Due diligence is an important step to be taken in the business acquisition process. It involves conducting thorough research and verification to ensure the business to be acquired is accurately represented and fairly valued. This process helps the acquirer to identify potential risks, such as financial instability, legal disputes, or regulatory non-compliance, before making decisions. 

Key aspects of due diligence include understanding the reason for the sale, verifying the company’s legal status, ensuring regulatory compliance, assessing investor agreements, and confirming intellectual property rights. Additionally, industry-specific checks, such as operational licenses and anti-money laundering policies, help mitigate risks and ensure a smooth acquisition process.

2. Conducting Financial Evaluation

One of the benefits of acquiring an existing business is to achieve financial gains within the shortest possible time. To ensure this, the acquirer should assess the financial health and stability of the business to be bought.

Review the company’s assets and liabilities, including accounts receivable, accounts payable, revenue streams, and profit margins, to have an understanding of its cash flow and overall financial position. By doing this, the acquirer can uncover potential red flags, such as outstanding debts, irregularities in financial records, or signs of financial mismanagement.

3. Reputation and Goodwill

A company’s reputation and goodwill are valuable intangible assets that impact its growth, profitability, and long-term sustainability. A strong reputation can enhance customer trust, brand loyalty, and competitive advantage, while a negative reputation can lead to financial losses, regulatory scrutiny, and operational challenges.

Before acquiring a business, you should conduct a comprehensive reputation assessment to determine its public perception and standing within the industry. This can be achieved by analyzing news reports, online reviews, and customer feedback or complaints. 

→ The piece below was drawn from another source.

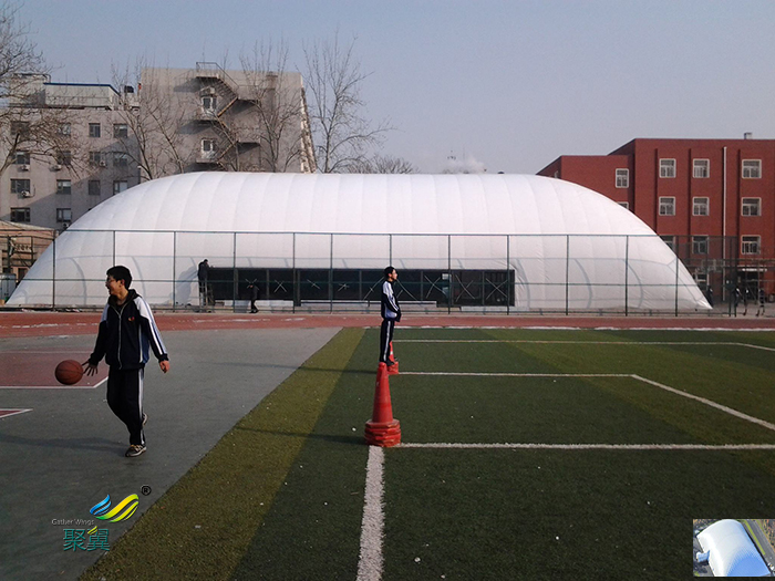 1. 氣承式膜結(jié)構(gòu):膜面本身不形成封閉曲面,其周邊固定于剛性邊界或基礎(chǔ),密閉空間由膜面、四周封閉邊界與室內(nèi)地面形成。

Additionally, engage with industry stakeholders, suppliers, and former employees to provide deeper insights into the business’s credibility. That way, you can develop strategies to either leverage an existing positive brand image or implement corrective measures if needed.

4. Operational Knowledge

A business acquirer must understand the target business’s operations to ensure a seamless transition after acquisition. Key areas to evaluate include working capital, which involves assessing current assets and liabilities to determine financial flexibility.

Also review the supply chain, including vendor relationships and procurement processes, to identify potential risks or inefficiencies. Additionally, analyze the capital expenditure of the company to have an insight into its past investments and future financial commitments.

5. Consider the Legal Liabilities

Checking for any ongoing or pending lawsuits against the company or its key officers is an important part of due diligence. This helps uncover legal risks such as debts, court judgments, or regulatory issues that could affect the company’s finances or reputation. Identifying these risks early ensures they are properly addressed before completing the acquisition.

Conclusion

In conclusion, acquiring a business can be a strategic way to achieve profitability faster, but it comes with huge responsibilities and risks. A thorough assessment of the company’s legal, financial, and operational aspects, including pending litigation, employee structure, and overall business viability is important to ensure a smooth transition. 

We advise that acquiring companies must engage professionals like Lawyers, accountants, and business consultants to provide valuable insights and guidance. They will also help to mitigate risks and maximize the benefits of the acquisition. With careful planning and due diligence, the transition can be seamless.